Don't expect Brandon Weeden to sit for long. The Cleveland Browns didn't spend the 22nd overall pick on a 28-year-old quarterback to have him watch the field from a distance.
Here in May, Mike Holmgren won't publicly anoint his starter, but reading between the lines, Colt McCoy needs to set the house on fire to upstage his rookie competition.
"We didn't draft Weeden -- I mean, because of his age -- he can't sit and watch for two or three years, but he's got to prove it," Holmgren, the Browns' president, said Wednesday on ESPN's "Mike and Mike" radio show. "How that will play out ... we're not forcing that at all."
It coincides with Holmgren's comments to a Cleveland radio station Tuesday:
"We drafted a young quarterback that we think can come in and play right away, but we're not just going to hand him the football," Holmgren told WKRK-FM, via The Plain Dealer. "I still love Colt McCoy (but) we had a chance to get a mature quarterback who has a chance to come in and contribute right away. Whether that happens or not we have to let it play out.

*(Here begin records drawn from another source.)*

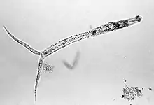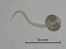 Церкацій трематоди Schistosoma, збільшення 150х.
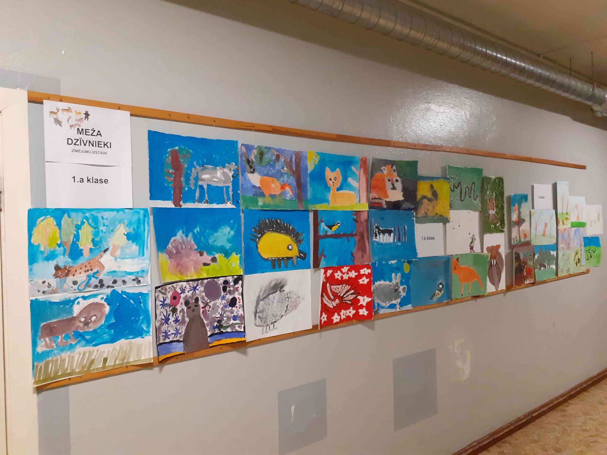 Skolēni vizuālajā mākslā zīmēja meža dzīvniekus un dabaszinību stundās par šo dzīvnieku noskaidroja informāciju un stāstīja citiem.
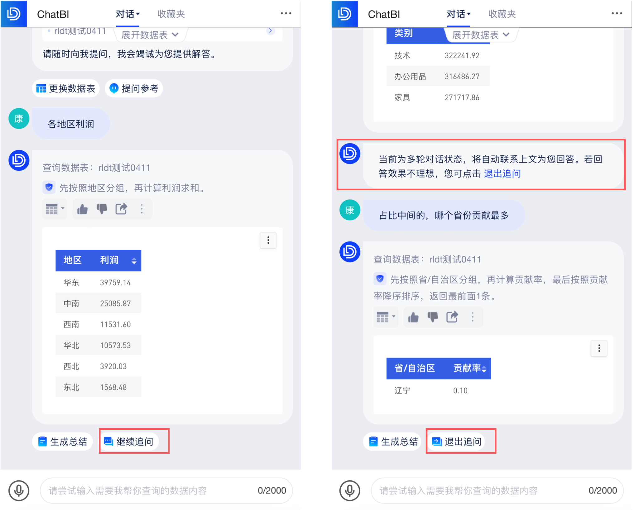 (1)点击「继续追问」按钮,则进入多轮对话状态,自动联系上下文内容为您回答
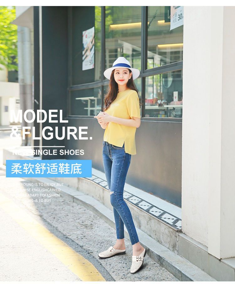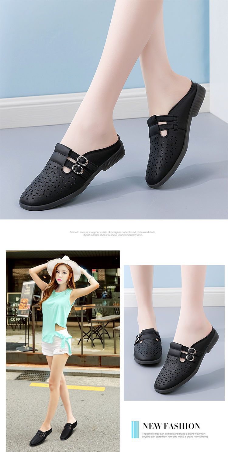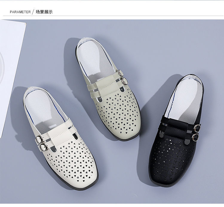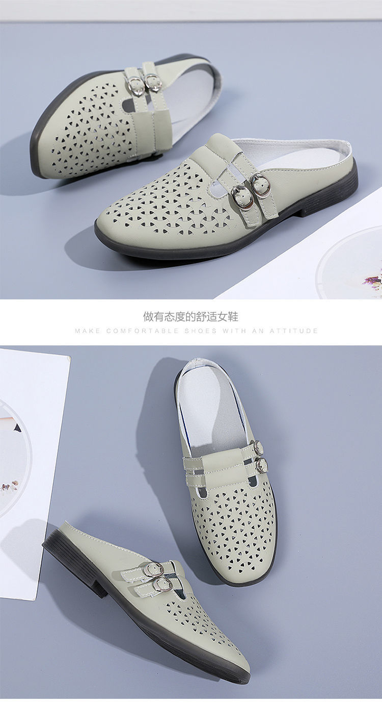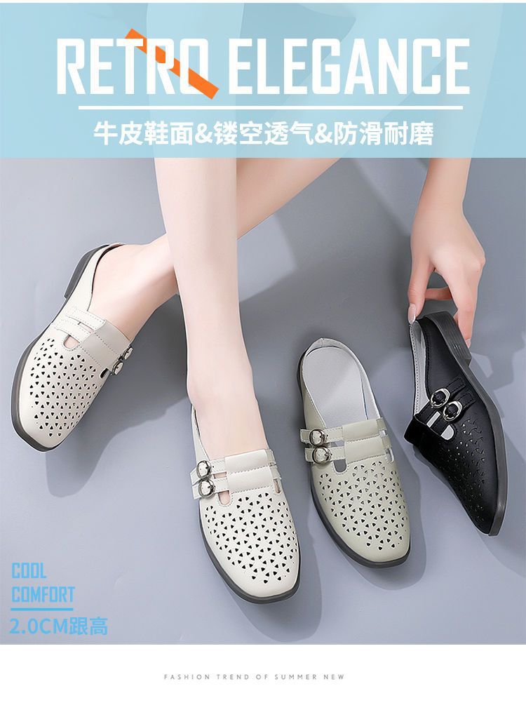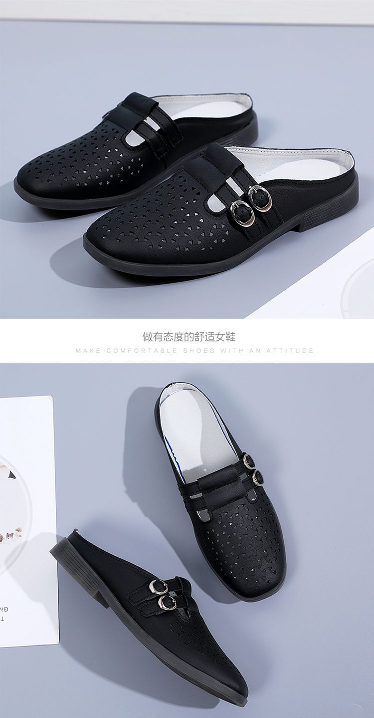 Flat Soft Leather Hollow Breathable Mom Shoes for Outdoor Wear

"We have to let them compete. We have to let them play and see what happens. The fact that we drafted him so high means that we like him, but we also like Colt McCoy and we like Seneca (Wallace) as well."
Holmgren has maintained the Browns will continue to draft quarterbacks until they find a franchise passer -- and they'll keep drafting quarterbacks once they do. You're dead on arrival in the AFC North, much less beyond, without an elite player at the position.
Here we are a decade-plus into this experiment known as the "new Browns," and the heat is dialed up high in Cleveland. Weeden will play sooner rather than later.